INPUT DATA —
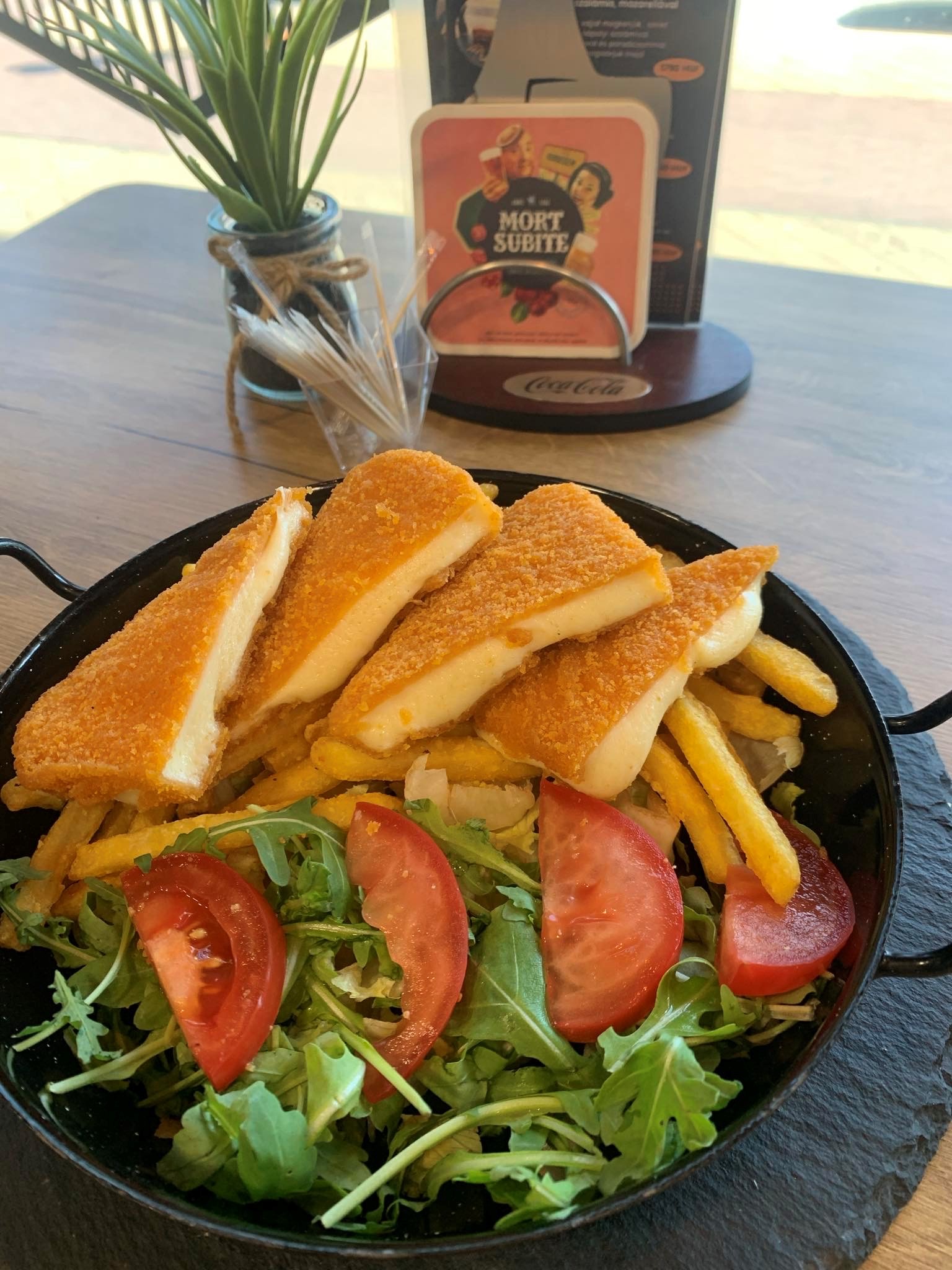 A 150g gyros húst és a vékonyra vágott 25dkg sültkrumplit kemencében megsütjük, olivabogyós feta sajtos görög saláta ágyon tzatziki szósszal tálaljuk.
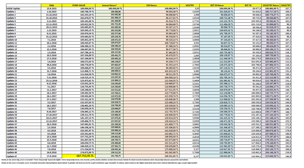 To summarize; Fund return has been beaten by USD/TRY, EUR/TRY, and GOLD/TRY return since inception due to recent depreciation of Turkish Lira.
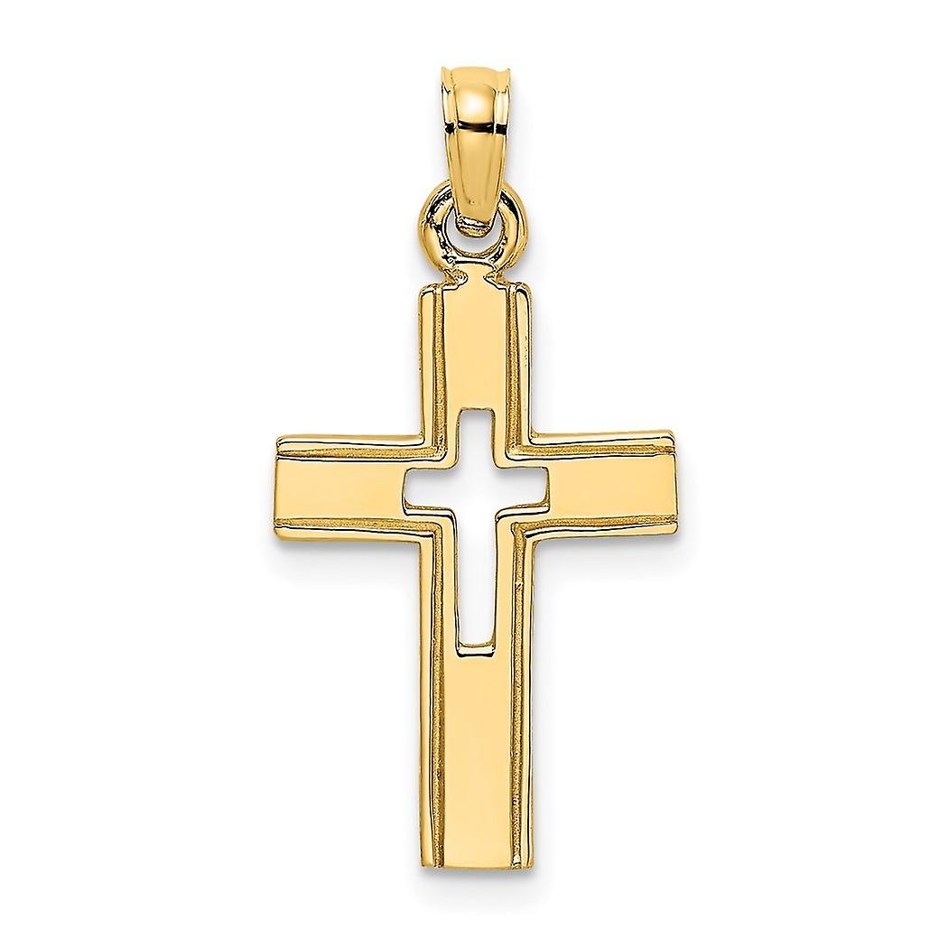 10k Solid Yellow Gold Polished and Cut out Religious Faith Cross Charm 19mm Long Pendant Necklace for Women
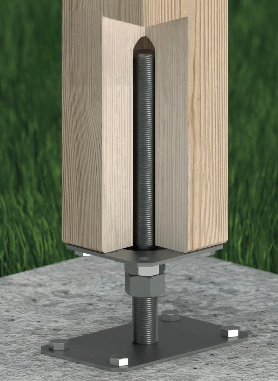 DOMAX PSRP šroubovací patka sloupku nastavitelná závitová je zahradní konstrukční prvek. Třírozměrné spojky DMX slouží k pevnému a spolehlivému upevnění dřevěných prvků k betonovým nebo ocelovým konstrukcím, případně k jiným nosným prvkům. Používají se ke spojování kolmých nosných prvků z masivního dřeva vedle sebe za účelem vytvoření spojů, které musí splňovat požadavky na mechanickou pevnost a trvanlivost, jak je definováno v základním požadavku na stavby č. 1 podle nařízení (EU) č. 305/2011.

PROBLEM DESCRIPTION — Exclude the pictures. Write out the remaining data exactly.

WRITTEN RESPONSE —
 A 150g gyros húst és a vékonyra vágott 25dkg sültkrumplit kemencében megsütjük, olivabogyós feta sajtos görög saláta ágyon tzatziki szósszal tálaljuk.
 To summarize; Fund return has been beaten by USD/TRY, EUR/TRY, and GOLD/TRY return since inception due to recent depreciation of Turkish Lira.
 10k Solid Yellow Gold Polished and Cut out Religious Faith Cross Charm 19mm Long Pendant Necklace for Women
 DOMAX PSRP šroubovací patka sloupku nastavitelná závitová je zahradní konstrukční prvek. Třírozměrné spojky DMX slouží k pevnému a spolehlivému upevnění dřevěných prvků k betonovým nebo ocelovým konstrukcím, případně k jiným nosným prvkům. Používají se ke spojování kolmých nosných prvků z masivního dřeva vedle sebe za účelem vytvoření spojů, které musí splňovat požadavky na mechanickou pevnost a trvanlivost, jak je definováno v základním požadavku na stavby č. 1 podle nařízení (EU) č. 305/2011.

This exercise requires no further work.